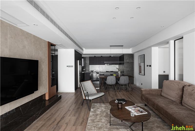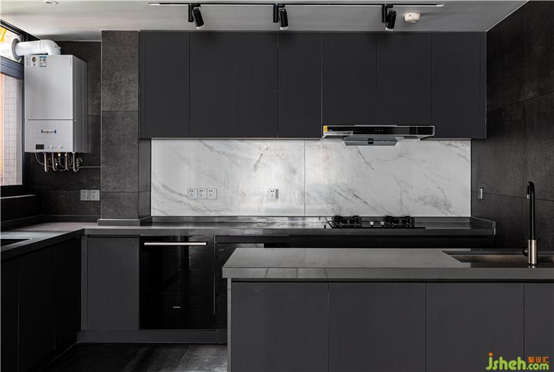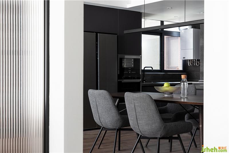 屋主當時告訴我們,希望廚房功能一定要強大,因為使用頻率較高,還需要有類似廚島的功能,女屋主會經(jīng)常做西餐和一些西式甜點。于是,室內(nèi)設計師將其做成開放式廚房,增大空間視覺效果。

* * *

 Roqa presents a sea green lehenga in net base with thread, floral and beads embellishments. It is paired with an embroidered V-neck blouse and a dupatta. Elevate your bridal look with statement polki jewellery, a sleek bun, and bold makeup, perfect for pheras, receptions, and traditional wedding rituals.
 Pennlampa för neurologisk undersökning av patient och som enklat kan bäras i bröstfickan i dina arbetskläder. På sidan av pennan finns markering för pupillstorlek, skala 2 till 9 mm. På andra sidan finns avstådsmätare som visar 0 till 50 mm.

■ Required work ■
Retype the portion of the data above that starts on the line with "Roqa presents a" and finishes on the line with "Pennlampa för neurologisk", including both of those lines.

■ Exercise answer ■
 Roqa presents a sea green lehenga in net base with thread, floral and beads embellishments. It is paired with an embroidered V-neck blouse and a dupatta. Elevate your bridal look with statement polki jewellery, a sleek bun, and bold makeup, perfect for pheras, receptions, and traditional wedding rituals.
 Pennlampa för neurologisk undersökning av patient och som enklat kan bäras i bröstfickan i dina arbetskläder. På sidan av pennan finns markering för pupillstorlek, skala 2 till 9 mm. På andra sidan finns avstådsmätare som visar 0 till 50 mm.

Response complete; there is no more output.